This is a guest blog by James Moulding. If you would like to write for us, get in touch at email@example.com
Yesterday, I attended a #FlashHacks event by OpenCorporates at Hub Kings Cross. #FLASHHACKS are mini-hacks organised by OpenCorporates for coders and non-coders who want to liberate corporate data for a better world.
At #FLASHHACKS, Taras Fedirko, an anthropologist from Durham University researching campaigns involved in greater corporate transparency, and myself, an organiser for Cybersalon, a think-tank on issues in network cultures, came to learn a bit more about working with and visualising data.
Starting off, we were introduced to Kibana, a data visualisation software and worked off of various saved queries. Working from OpenCorporates expansive datasets of corporate data, some 85 million companies, we explored data from companies set up between 1900 and 2014. We began by differentiating the results by types of economic activity (SIC codes – using the ‘sic_division_titles’ query) and discriminated the data further by companies that had dissolved (utilising ‘current_status’ query) in this period.
We played with a range of parameters in an attempt to make the data meaningful with increasingly precise categorisation. Attempting to display more recent data, particularly around the recent economic recession, we tried to display the top 15 postcodes by the frequency of businesses dissolved. However, in some cases the database could not discriminate between the first and second parts of a postcode. Despite this, it was interesting to see Greater London postcodes figured quite prominently in this data.

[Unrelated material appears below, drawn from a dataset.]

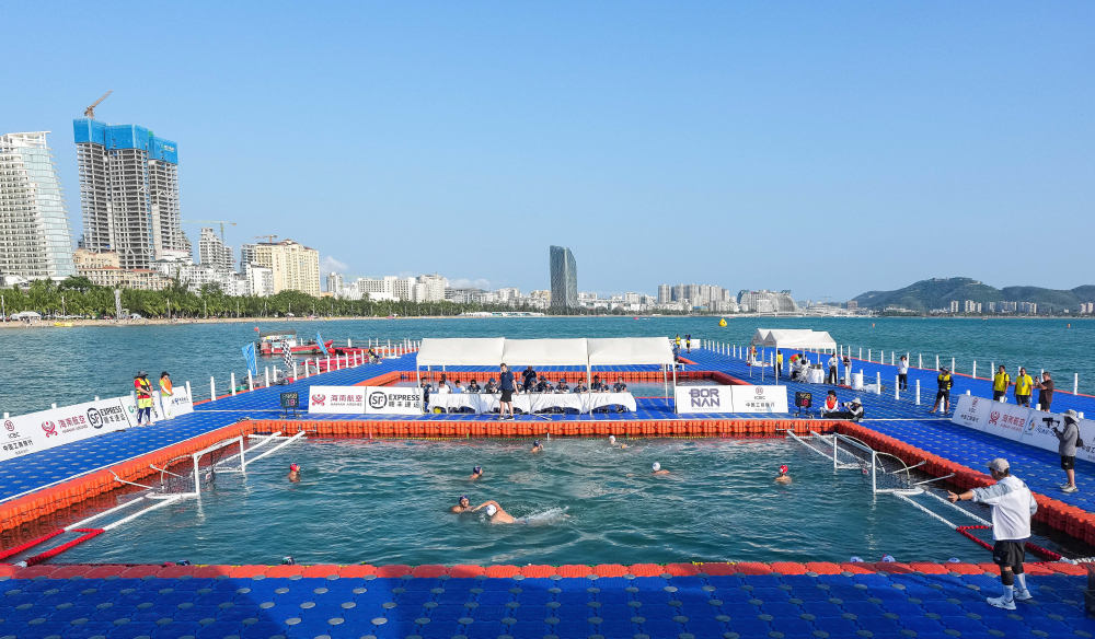 2026年4月26日,选手们在三亚亚沙会公开水域游泳男子5公里比赛中。新华社发(马子涵摄)

Continuing to mess around with the data, we set out to compare the aggregate number of dissolutions in the IT sector between both Tony Blair and David Cameron’s periods of office. We abandoned this as the IT sector is distributed across several SIC codes and Kibana was not able to run the query.

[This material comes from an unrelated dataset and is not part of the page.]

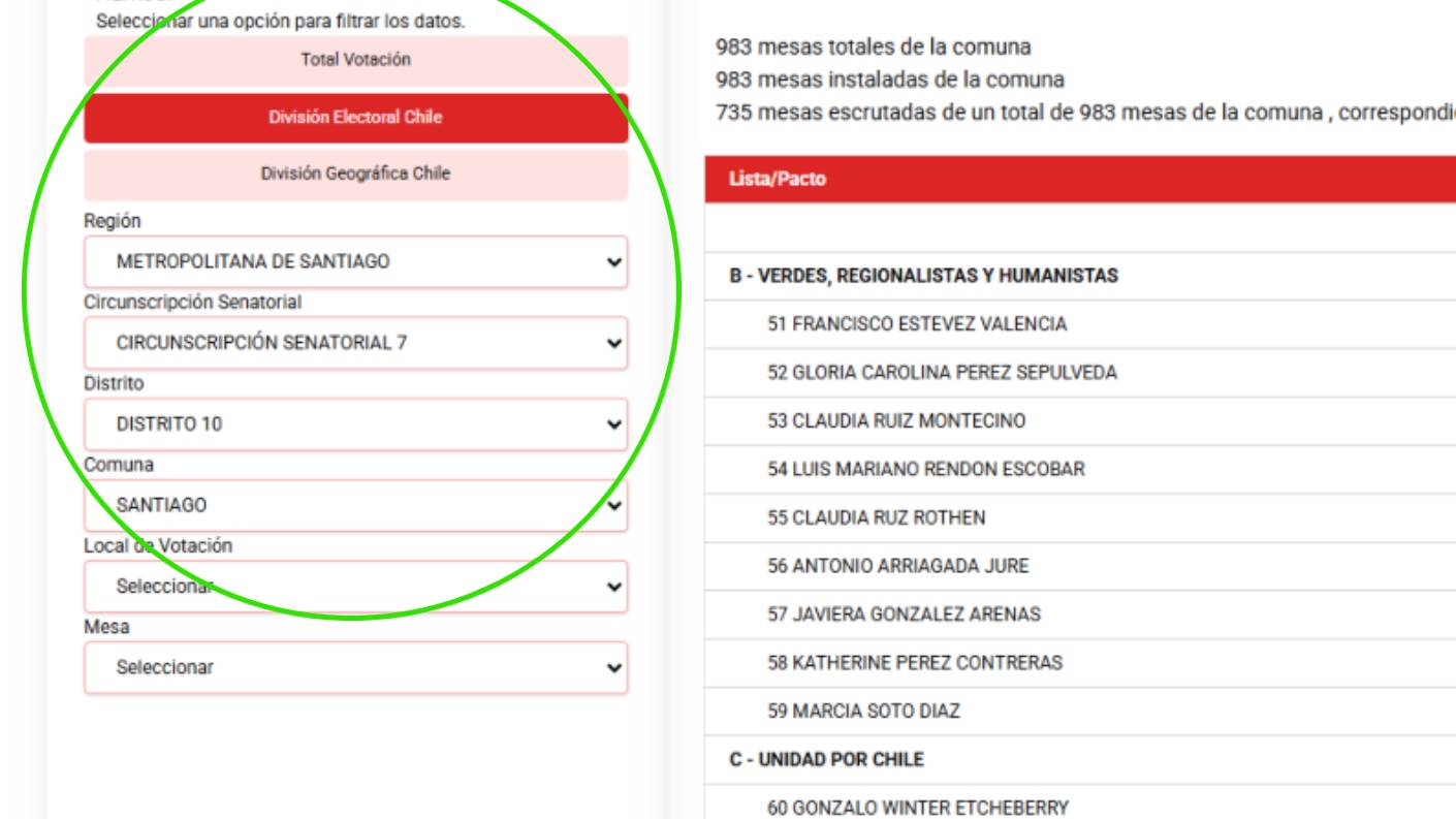 Para revisar el detalle de cada comuna en cada región en las votaciones, ya sea para Presidente/a de la República, Senado y Cámara de Diputados, debes pinchar el siguiente enlace del Servicio Electoral.

Finally, we decided to compare the frequency of dissolutions across the top 10 economic sectors which had experienced the most business closures – between Tony Blair’s and David Cameron’s periods of office. We attempted to export the .CSV files to then visualise the data more constructively on an external spreadsheet, because Kibana cannot show percentages on the charts. We noticed the export button on Kibana didn’t work and discovered it didn’t have a link attached to it. It might have been a bug in the Kibana software so we have reported it.
Instead, we copied the figures ourselves to a Google Spreadsheet and visualised it.

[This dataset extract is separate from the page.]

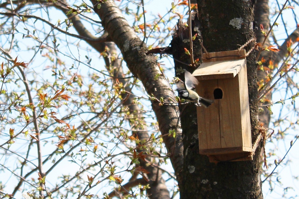 また飛び出していきました。ちょっと細めのネクタイが見えるのでこちらがメスのようです。

There are problems associated with the ways in which we relied upon SIC codes to discriminate the data, in that many businesses do not accurately list their organisations SIC code – lots of new businesses select ‘Other Businesses Activities’ leading to this bloated representation.
Lots of fun and we’ll definitely back for another #Flashhacks event!
James is a politics graduate of the University of Westminster. He is developing an educational boardgame and app, Imperialism in Space, and is working on building a startup, OpenBar. James is currently an Event Coordinator for Cybersalon, and also spends his time working on supporting the Institute of Applied Social Innovation. He has helped develop e-learning research at the University of Westminster and was Assistant Conference Director of Wikimania 2014. James is also a proud player of Class Wargames.